Długo się zbierała na to, ale w końcu przegrała z własnymi pragnieniami. Wysłała list do Simona i była pewna w stu procentach, że się zgodzi. Musiała jakoś to wszystko odreagować musiała przestać myśleć. Odpowiedź przyszła w mgnieniu oka, na małej karteczce było napisane tylko jedno zdanie jego schludnym pismem.
Zawiadomię resztę

Uśmiechnęła się po raz pierwszy od dawana tak szczerzę i z ogromną ulgą. Po chwili wiadomość uległa zniszczeniu a po małej kartce nie zostało ani jednego śladu. Z uśmiechem na twarzy ruszyła na dół w celu przewietrzenia się, a może nawet mała przejażdżka. Za pomocą różdżki przebrała się w odpowiedni strój następnie w dobrym nastroju zeszła na dół kierując się do kuchni po swoją ulubioną herbatę. Przystanęła jednak słysząc stłumiony głos należący do arystokratki, która już tutaj właściwie mieszkała. Astoria stała w kuchni ubrana w czarną krótką sukienkę oraz czarne szpilki żwawo machając dłońmi na biedną skulną Rose. Dobry nastrój Hermiony, jak szybko się pojawił tak zniknął, jak tylko usłyszała jej głos.
-Draco nie spodoba się to, że tak olewasz swoje obowiązki – rzekła z wyższością przechadzając się po między stołem a blatem kuchennym – Na dodatek ten bałagan, jakie zrobiło twoje rodzeństwo. Gdyby ja byłam panią tego domu nie dopuściłabym do takiej sytuacji. Już dawno byś tu nie pracowała moi pracownicy są bardziej solidni.
-Ja się poprawię, tylko niech pani się na mnie nie gniewa – odpowiedziała błagalnie.

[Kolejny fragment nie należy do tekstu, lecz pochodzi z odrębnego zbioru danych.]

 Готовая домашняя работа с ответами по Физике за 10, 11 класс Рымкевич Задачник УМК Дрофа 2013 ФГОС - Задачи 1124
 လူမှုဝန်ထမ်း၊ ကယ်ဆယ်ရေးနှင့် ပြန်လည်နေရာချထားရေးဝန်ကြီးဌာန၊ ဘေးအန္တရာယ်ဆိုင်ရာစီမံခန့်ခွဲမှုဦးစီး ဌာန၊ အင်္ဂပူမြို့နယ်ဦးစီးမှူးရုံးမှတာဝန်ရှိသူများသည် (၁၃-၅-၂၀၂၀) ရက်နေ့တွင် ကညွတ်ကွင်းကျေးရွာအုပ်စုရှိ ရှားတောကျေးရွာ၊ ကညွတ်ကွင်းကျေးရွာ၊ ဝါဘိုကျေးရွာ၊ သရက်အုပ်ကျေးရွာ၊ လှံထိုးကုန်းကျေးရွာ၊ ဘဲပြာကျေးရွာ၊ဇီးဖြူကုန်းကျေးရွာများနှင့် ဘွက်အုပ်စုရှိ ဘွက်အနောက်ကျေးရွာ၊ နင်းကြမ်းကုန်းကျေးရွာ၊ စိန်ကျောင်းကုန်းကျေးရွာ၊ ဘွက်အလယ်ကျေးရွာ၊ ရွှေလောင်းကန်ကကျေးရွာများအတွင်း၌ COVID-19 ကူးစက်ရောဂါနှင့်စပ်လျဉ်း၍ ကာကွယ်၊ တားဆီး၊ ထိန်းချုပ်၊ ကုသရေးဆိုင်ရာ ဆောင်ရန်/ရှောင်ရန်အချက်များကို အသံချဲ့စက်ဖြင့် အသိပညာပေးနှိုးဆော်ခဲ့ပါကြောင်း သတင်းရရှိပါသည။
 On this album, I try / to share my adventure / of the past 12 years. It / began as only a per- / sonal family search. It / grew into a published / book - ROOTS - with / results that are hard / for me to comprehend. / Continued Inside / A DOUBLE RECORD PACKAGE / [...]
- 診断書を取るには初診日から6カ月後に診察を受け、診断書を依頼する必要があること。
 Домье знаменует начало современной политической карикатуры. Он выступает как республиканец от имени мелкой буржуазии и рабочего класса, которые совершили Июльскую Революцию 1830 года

-Zastanowię się jeszcze, co z tobą zrobimy – powiedziała z wyższością – A wy, na co czekacie, do roboty Draco i ja czekamy na obiad – powiedziała przejeżdżając paznokciem po blacie rozglądając się zdegustowaną miną po pomieszczeniu.
-Ale nie jesteś panią tego domu, więc zatrzymaj sobie iluzję dla siebie. Zrozum w końcu, że nie jesteś najważniejsza i jesteś tylko gościem w tym domu i jak masz jakiś problem przyjdź z tym do mnie – rzekła Hermiona wchodząc do kuchni ścigając tym na siebie uwagę Astorii. Zaplotła ręce na klatce piersiowej z chłodem i wyższością w oczach patrząc na wściekłą Astorię.

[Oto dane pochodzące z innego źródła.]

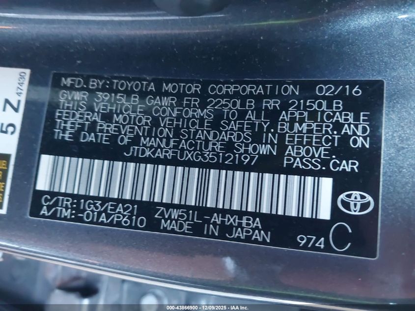 Колір СірийЦиліндри 4Привід Передній привідVIN JTDKARFUXG3512197Стан СтаціонарноУшкодження Передня або задня
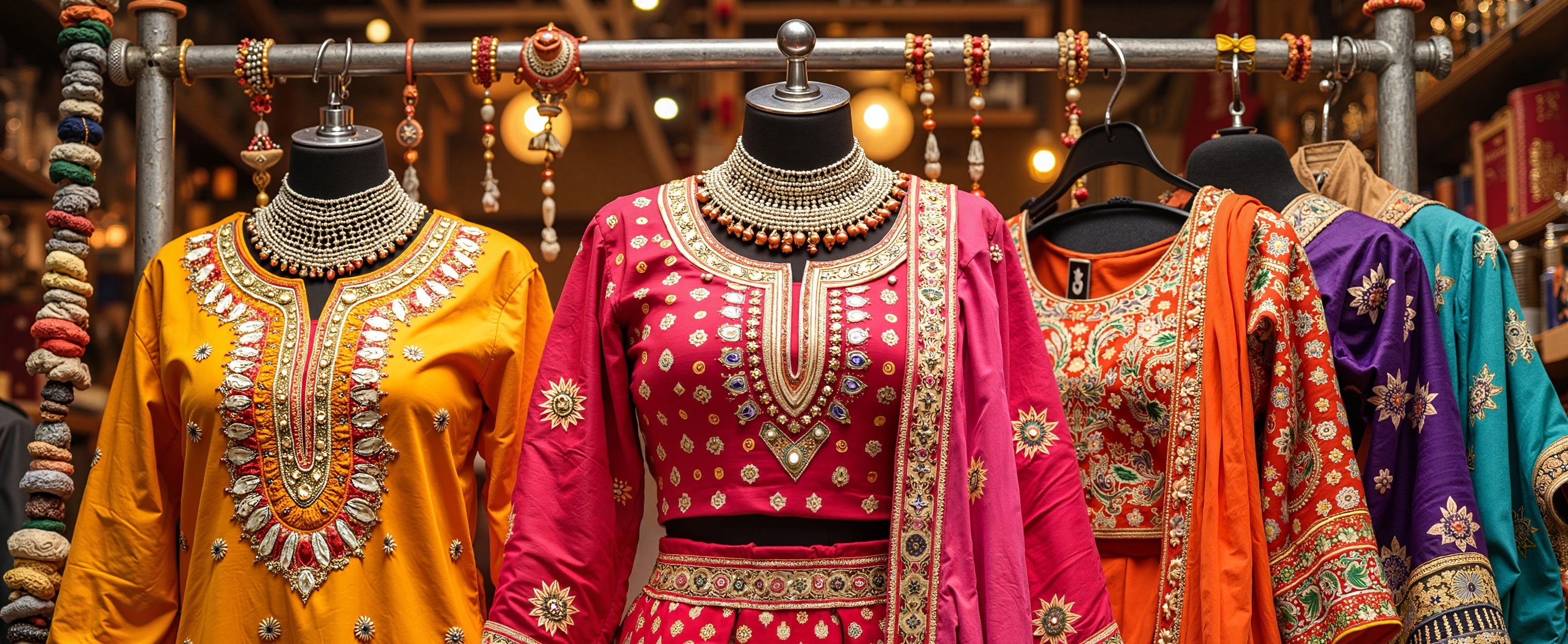 - Sarees, lehengas, anarkalis, shararas, kurtas, and dupattas
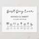Your guests will love reading all the details of your wedding on these lovely Wedding Timeline Programs! It features "Best Day Ever" top and centre in a beautiful handwritten font and you can easily edit the icon timeline to accommodate your wedding day schedule. This 5.5 x 7.5 program is perfect if your wedding is at a country club, resort or even the courthouse. It's simple, trendy and minimalist and the fonts are modern and easy to read. Make it as unique as you!
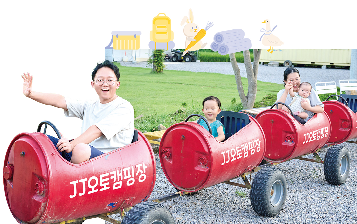 이 캠핑장의 명물인 이른바 ‘깡통기차’를 타는 시간도 가졌다. 사륜 오토바이 뒤에 드럼통으로 만든 기차가 줄줄이 매달려 있었는데, 백상태 소원과 건우, 민주 씨와 은우가 각각 한자리씩 차지하고 앉아 선선한 늦여름 오후의 바람을 마음껏 즐겼다. 깡통기차에서 막 내린 건우가 좋은 기억력을 증명하듯 캠핑장 곳곳을 가리키며 말했다. “저기에는 수영장이 있고 저쪽에는 매점이 있는데, 저녁에는 영화도 틀어줘요!” 백상태 소원의 말처럼 착하면서도 똑똑함을 겸비한 건우를 보고 있자니 저절로 기분이 좋아졌다.
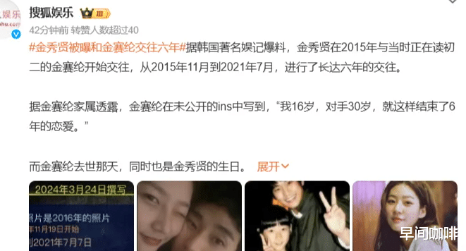 3月10日,韩国知名娱记李镇浩在直播中抛出猛料,称金赛纶生前与金秀贤交往六年,且这段关系始于女方未成年时期——2015年,年仅15岁的金赛纶与27岁的金秀贤开始恋爱,直至2021年分手。更令人震惊的是,金赛纶家属公开指控金秀贤在分手后要求女方偿还7亿韩元债务(约合人民币350万元),直接导致她不堪重压,最终在2025年2月16日(金秀贤生日当天)选择轻生。

-Jestem pewna, że Draco poprze mnie. Nie lubi jak ktoś łamie jego zasady, a ty chyba ich nie znasz, jak na jego żonę przystało – Hermiona zaśmiała się kpiąco, patrząc na zmieszaną kobietę.
-Jego zasady? Proszę Cię nie rozśmieszaj mnie. Chciałaś chyba powiedzieć swoje zasady, ale one w tym domu nie obowiązują. Przykro mi, ale od tej pory w tym domu panują moje zasady a nie twoje. Masz jakiś problem ze służbą idziesz z tym do mnie, albo do Draco jak wolisz. Ja jestem jego żoną nie ty, to ja na swoim palcu noszę obrączkę  którą on sam włożył mi na palec – mruknęła unosząc swoją dłoń do góry gdzie błysnął złoty krążek Astoria zacisnęła usta w wąską linię, hamując łzy poniżenia, które napływały jej do oczu.
-Jeszcze zobaczymy Granger - warknęła trącając ją ramieniem energetycznym krokiem wychodząc z kuchni.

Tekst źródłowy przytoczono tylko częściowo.